Since the new millenium there has been the increasing acceptance of the concept that cancer is a very heterogenous disease and that it would be a good thing to try and "individualize' treatment. The cell is a system, an integrated, intereacting network of genes, proteins and other cellular constituents that produce functions. One needs to analyze the systems' response to drug treatments, not just one or a few targets (pathways/mechanisms).

Despite its allure, the genetic path is not all that personalized. Treatment based on genetic testing is still a guessing game. A gene test is simply incapable of capturing the complexities associated with human tumor biology. Examing a patient's DNA can give physicians a lot of information, but as mentioned above, the NCI has concluded (J Natl Cancer Inst. March 16, 2010), it cannot determine treatment plans for patients. It cannot test sensitivity to any of the targeted therapies. They just test for "theoretical" candidates for targeted therapy.

Cancer dynamics are not linear, Cancer biology does not conform to the dictates of molecular biology. Once again, we are forced to confront the realization that genotype does not equal phenotype.
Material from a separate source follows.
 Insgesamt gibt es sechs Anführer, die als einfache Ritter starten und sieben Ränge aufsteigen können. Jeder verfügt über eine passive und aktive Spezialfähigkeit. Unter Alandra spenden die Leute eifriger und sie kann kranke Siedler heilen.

Cancer cells utilize cross talk and redundancy to circumvent therapies. They back up, zig-zag and move in reverse, regardless of what the sign posts say. The building blocks of human biology are carefully construed into the complexities that we recognize as human beings. However appealing gene profiling may appear to those engaged in this field, it will be years, perhaps decades, before these profiles can approximate the vagaries of human cancer.
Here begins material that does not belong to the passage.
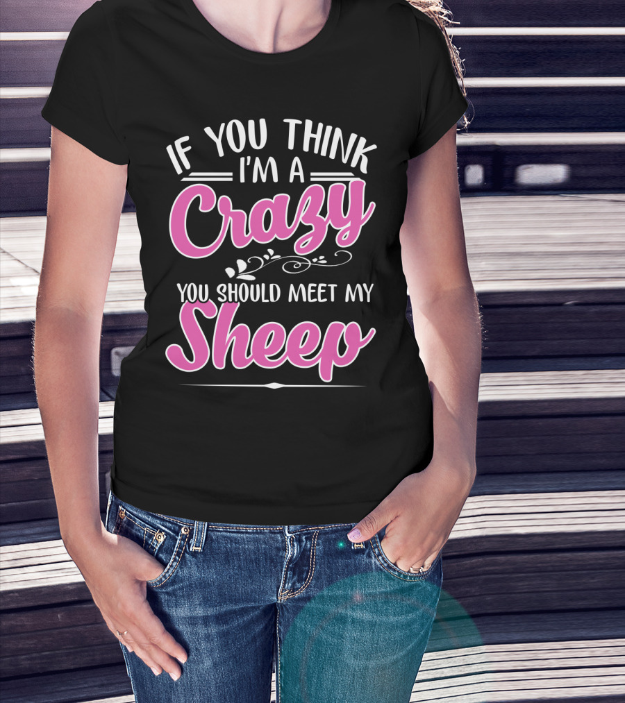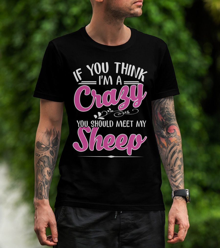 If You Think I'm A Crazy You Should Meet My Sheep Playful Text T-Shirt

Functional profiling analyses, which measure biological signals rather than DNA indicators, will continue to provide clinically validated information and play an important role in cancer drug selection. The data that support functional profiling analyses is demonstrably greater and more compelling than any data currently generated from DNA analyses. Functional profiling remains the most validated technique for selecting effective therapies for cancer patients.

Functional profiling assesses the activity of a drug upon combined effect of all cellular processes, using several metabolic (cell metabolism) and morphologic (structure) endpoints, at the cell "population" level, rather than at the "single cell" level, measuring the interaction of the entire genome.
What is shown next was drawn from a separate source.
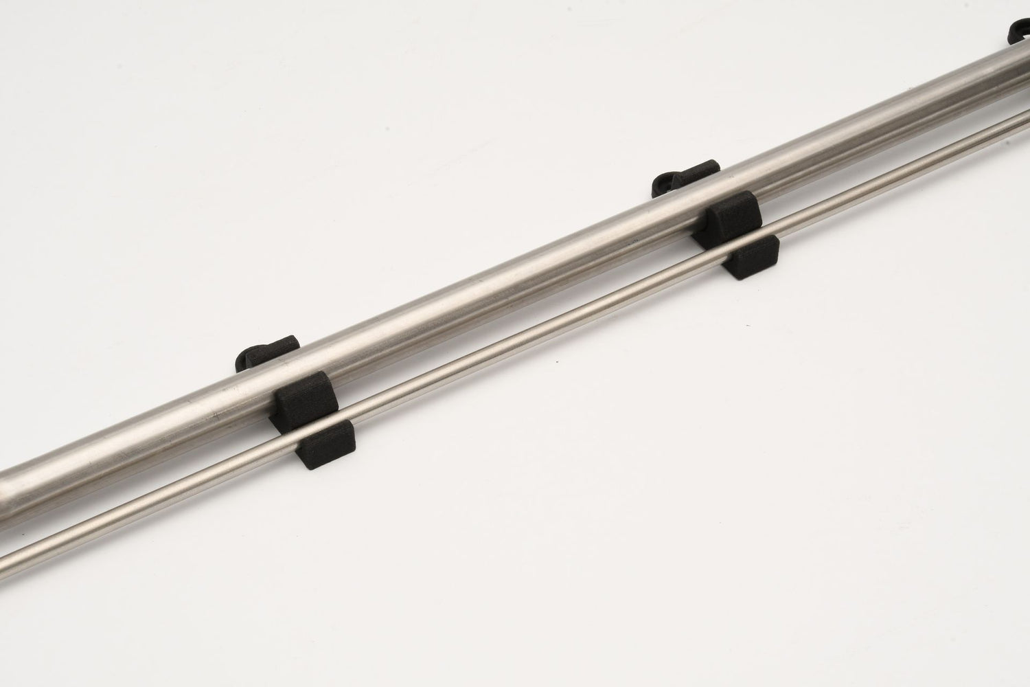 A Clip designed to secure both 1/2” and 3/16” stainless hard lines. Typically used for fuel and brake plumbing.

The original Human Genome Project dealth with a homogeneous population of normal diploid cells. This is different from primary tumors, which are heterogeneous and have a genomic signature unique to each and every patient. Functional profiling is a biomarker of heterogeneous cancer cells and genomic signatures unique to every individual patient.

That is the major differences between the two types of technology. A chemosensitivity test is too limited, to generic. There has been cutting-edge techniques that have made cell culture assays with "functional profiling" mimic what will happen in the human body. Cancer is already in 3D (three dimensional) conformation. Cell-based functional profiling cultures "fresh" live tumor cells in 3D conformation and profiles the "function" of cancer cells (is the whole cell being killed regardless of the targeted mechanism or pathway). It distinguishes between susceptibility of cancer cells to different drugs in the same class and the susceptibility to combinations.

And the reason for at least a "tru-cut" biopsied tumor specimen is that "real life" 3D analysis makes functional profiling indicative of what will happen in the body. It tests fresh "live" cells in their three dimensional (3D), floating clusters (in their natural state). As researchers at Johns Hopkins and Washington University at St. Louis have recently found out, our body is 3D, not 2D in form. Older assay technology (human clonogenic assay) was in 2D form. Traditionally, in-vitro (in lab) cell-lines have been studied in 2 dimensions (2D) which has inherent limitations in applicability to real life 3D in-vivo (in body) states. Recently, other researchers have pointed to the limitations of 2D cell line study and chemotherapy to more correctly reflect the human body.

I do not promote any particular lab or laboratories. I advocate a technology which I firmly believe in because it works: cell function analysis. In other words, which combinations are best and in what sequence would they be most effective - targeted and/or conventional.